Differentiation of \( \displaystyle E(z)=\frac{1}{4\pi \epsilon_{0}}\frac{Qz}{\left(a^{2}+z^{2}\right)^{3/2}} \)

The function E(z) is the quotient of two functions, using the quotient rule

\[ \begin{gather} \left(\frac{u}{v}\right)^{'}=\frac{u'v-uv'}{v^{2}} \end{gather} \]

where \( u(z)=z \) and \( v(z)=\frac{1}{\left(a^{2}+z^{2}\right)^{3/2}} \)

\[ \begin{gather} \frac{dE}{dz}=\frac{Q}{4\pi \epsilon_{0}}\frac{\dfrac{d(z)}{dz}\left(a^{2}+z^{2}\right)^{3/2}-(z)\dfrac{d\left[\left(a^{2}+z^{2}\right)^{3/2}\right]}{dz}}{\left[\left(a^{2}+z^{2}\right)^{3/2}\right]^{2}} \end{gather} \]

the function v(z) is a composite function, using the Chain Rule

\[ \begin{gather} \frac{dv[w(z)]}{dz}=\frac{dv}{dw}\frac{dw}{dz} \end{gather} \]

where \( v(w)=w^{3/2} \) and \( w(z)=a^{2}+z^{2} \)

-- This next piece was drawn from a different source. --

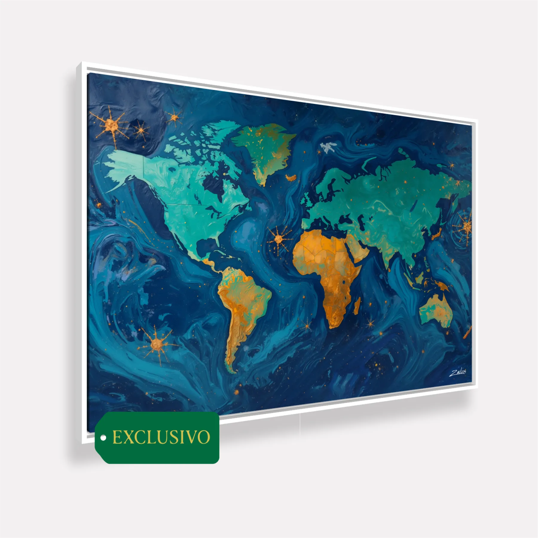 Vibrante, criativo e cheio de emoção, o quadro Mapa Mundi Noite Estrelada transmite uma atmosfera única. Cheio de inspiração na obra-prima de Van Gogh, transforma os apaixonantes mapas em uma versão inédita.
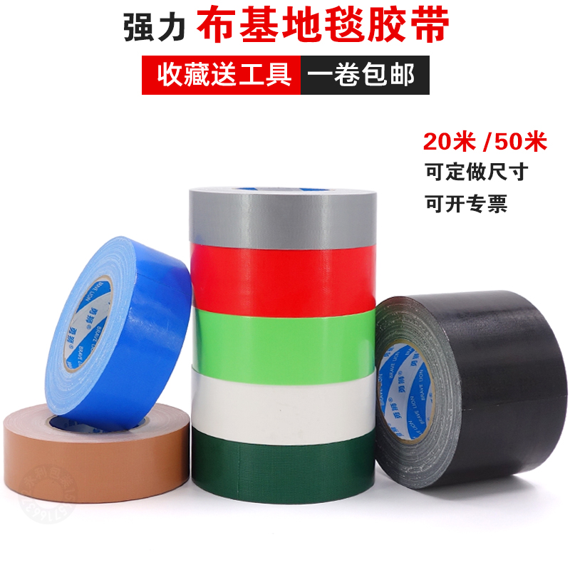Color high sticky cloth base adhesive tape 20 m 50 m powerful wedding carpet adhesive tape red silver black cloth rubberized fabric

\[ \begin{gather} \frac{dE}{dz}=\frac{Q}{4\pi \epsilon_{0}}\frac{1.\left(a^{2}+z^{2}\right)^{3/2}-z\left[\dfrac{d\left(w^{3/2}\right)}{dg}\dfrac{d\left(a^{2}+z^{2}\right)}{dz}\right]}{\left(a^{2}+z^{2}\right)^{3}}\\[5pt] \frac{dE}{dz}=\frac{Q}{4\pi\epsilon_{0}}\frac{\left(a^{2}+z^{2}\right)^{3/2}-z\left[\left(\dfrac{3}{2}w^{\frac{3}{2}-1}\right)(2z)\right]}{\left(a^{2}+z^{2}\right)^{3}}\\[5pt] \frac{dE}{dz}=\frac{Q}{4\pi\epsilon_{0}}\frac{\left(a^{2}+z^{2}\right)^{3/2}-z\dfrac{3}{\cancel{2}}\left(a^{2}+z^{2}\right)^{1/2}\cancel{2}z}{\left(a^{2}+z^{2}\right)^{3}}\\[5pt] \frac{dE}{dz}=\frac{Q}{4\pi\epsilon_{0}}\frac{\left(a^{2}+z^{2}\right)^{3/2}-3\left(a^{2}+z^{2}\right)^{1/2}z^{2}}{\left(a^{2}+z^{2}\right)^{3}}\\[5pt] \frac{dE}{dz}=\frac{Q}{4\pi\epsilon_{0}}\left[\frac{\left(a^{2}+z^{2}\right)^{3/2}}{\left(a^{2}+z^{2}\right)^{3}}-\frac{3\left(a^{2}+z^{2}\right)^{1/2}z^{2}}{\left(a^{2}+z^{2}\right)^{3}}\right]\\[5pt] \frac{dE}{dz}=\frac{Q}{4\pi\epsilon_{0}}\left[\frac{1}{\left(a^{2}+z^{2}\right)^{3}\left(a^{2}+z^{2}\right)^{-3/2}}-\frac{3z^{2}}{\left(a^{2}+z^{2}\right)^{3}\left(a^{2}+z^{2}\right)^{-1/2}}\right]\\[5pt] \frac{dE}{dz}=\frac{Q}{4\pi\epsilon_{0}}\left[\frac{1}{\left(a^{2}+z^{2}\right)^{3/2}}-\frac{3z^{2}}{\left(a^{2}+z^{2}\right)^{5/2}}\right] \end{gather} \]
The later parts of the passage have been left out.